▸ **EXERCISE DETAILS**:
Transcribe the listing word for word, beginning at its first line and ending at the line containing "主入口處有車展專用觀光車接送"; omit the pictures.

▸ **COLLECTED DATA**:
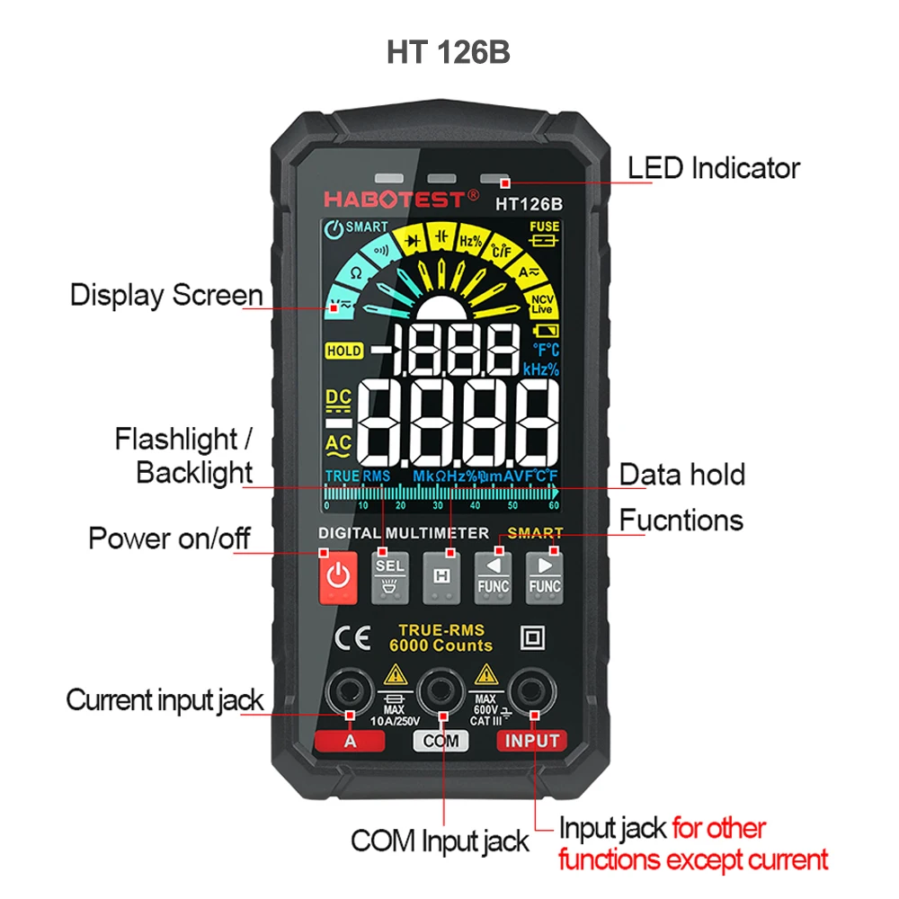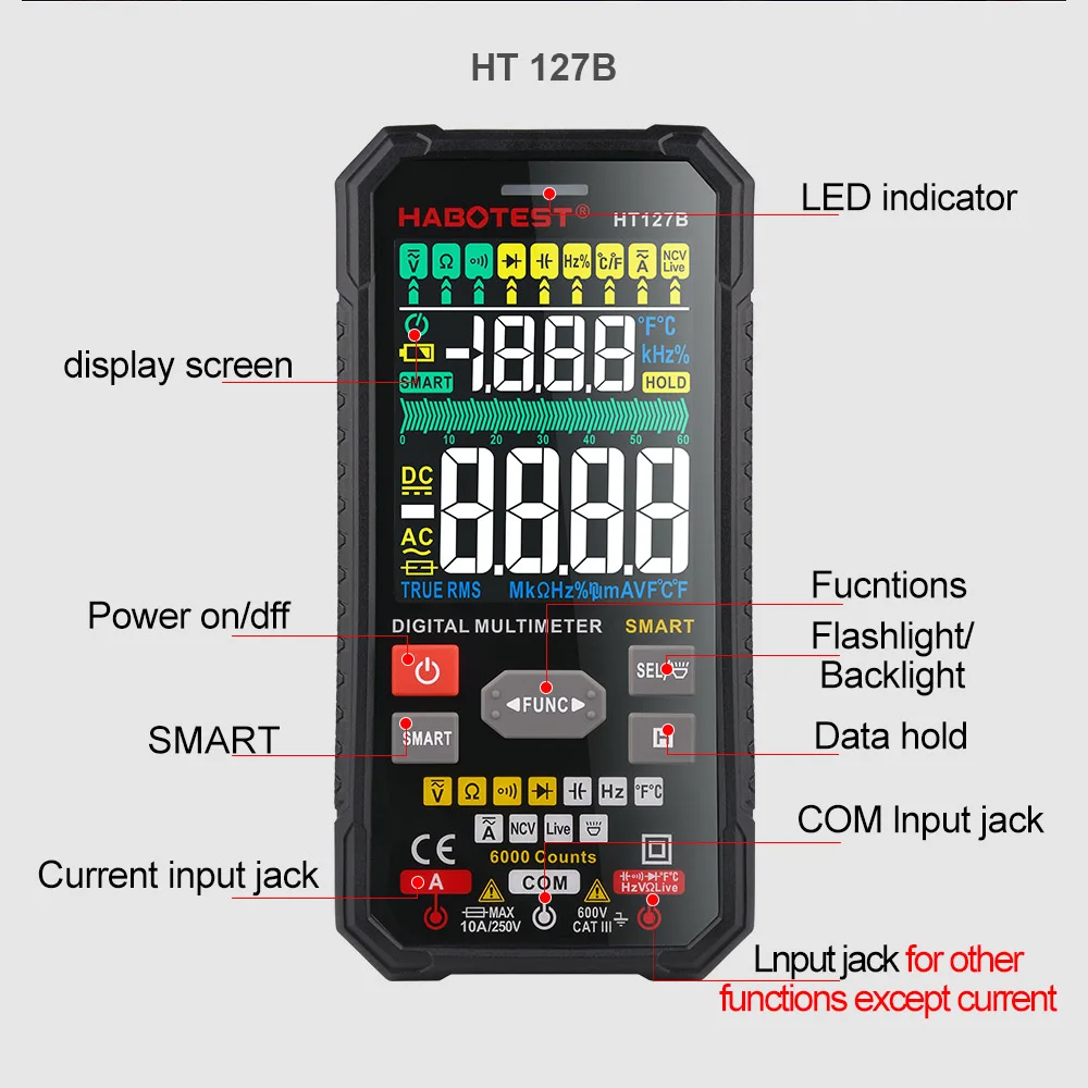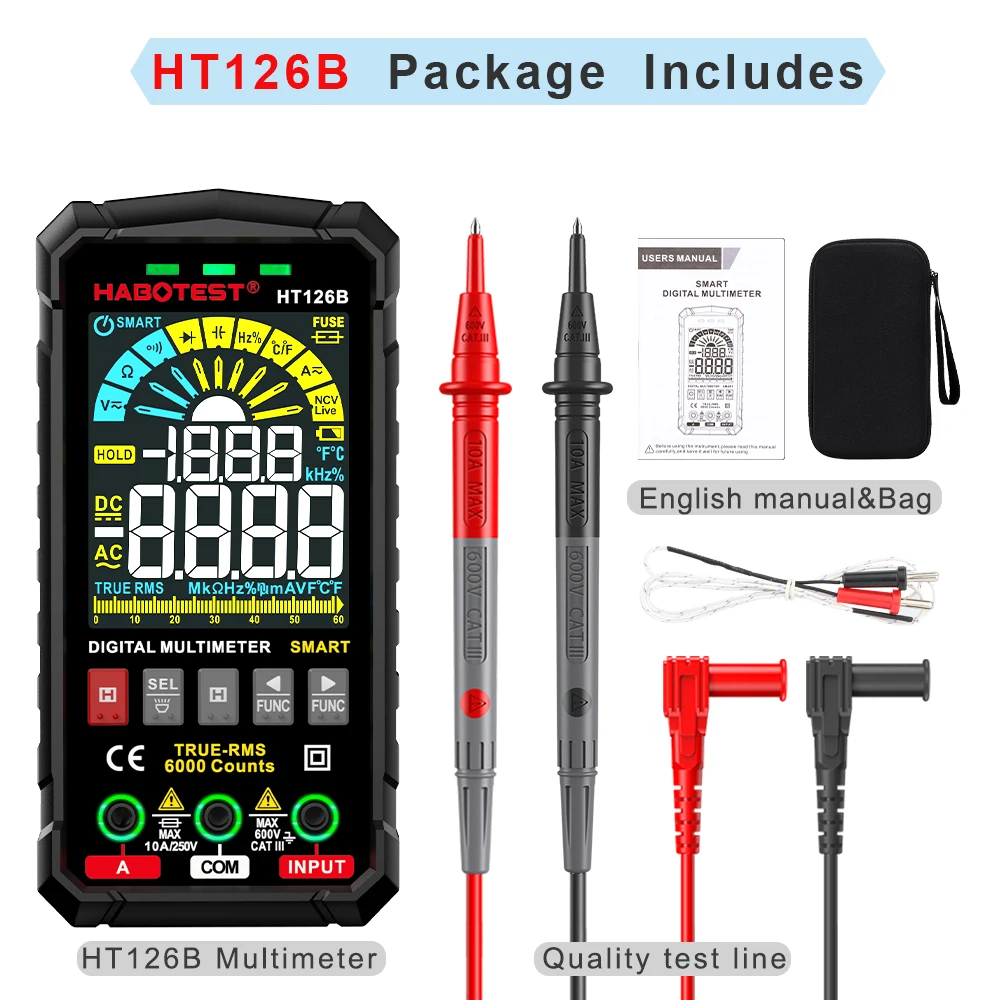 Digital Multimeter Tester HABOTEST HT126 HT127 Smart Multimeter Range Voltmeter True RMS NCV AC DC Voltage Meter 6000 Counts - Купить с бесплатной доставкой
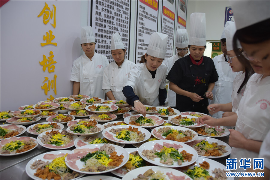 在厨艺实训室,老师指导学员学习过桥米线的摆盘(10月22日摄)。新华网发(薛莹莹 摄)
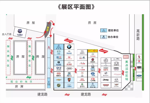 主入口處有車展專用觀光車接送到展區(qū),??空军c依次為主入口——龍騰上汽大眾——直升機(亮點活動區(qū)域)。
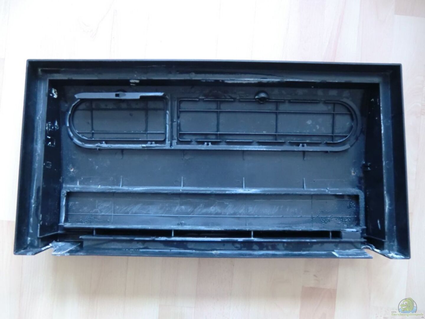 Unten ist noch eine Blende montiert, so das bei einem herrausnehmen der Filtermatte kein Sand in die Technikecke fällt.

▸ **YOUR SOLUTION**:
 Digital Multimeter Tester HABOTEST HT126 HT127 Smart Multimeter Range Voltmeter True RMS NCV AC DC Voltage Meter 6000 Counts - Купить с бесплатной доставкой
 在厨艺实训室,老师指导学员学习过桥米线的摆盘(10月22日摄)。新华网发(薛莹莹 摄)
 主入口處有車展專用觀光車接送到展區(qū),??空军c依次為主入口——龍騰上汽大眾——直升機(亮點活動區(qū)域)。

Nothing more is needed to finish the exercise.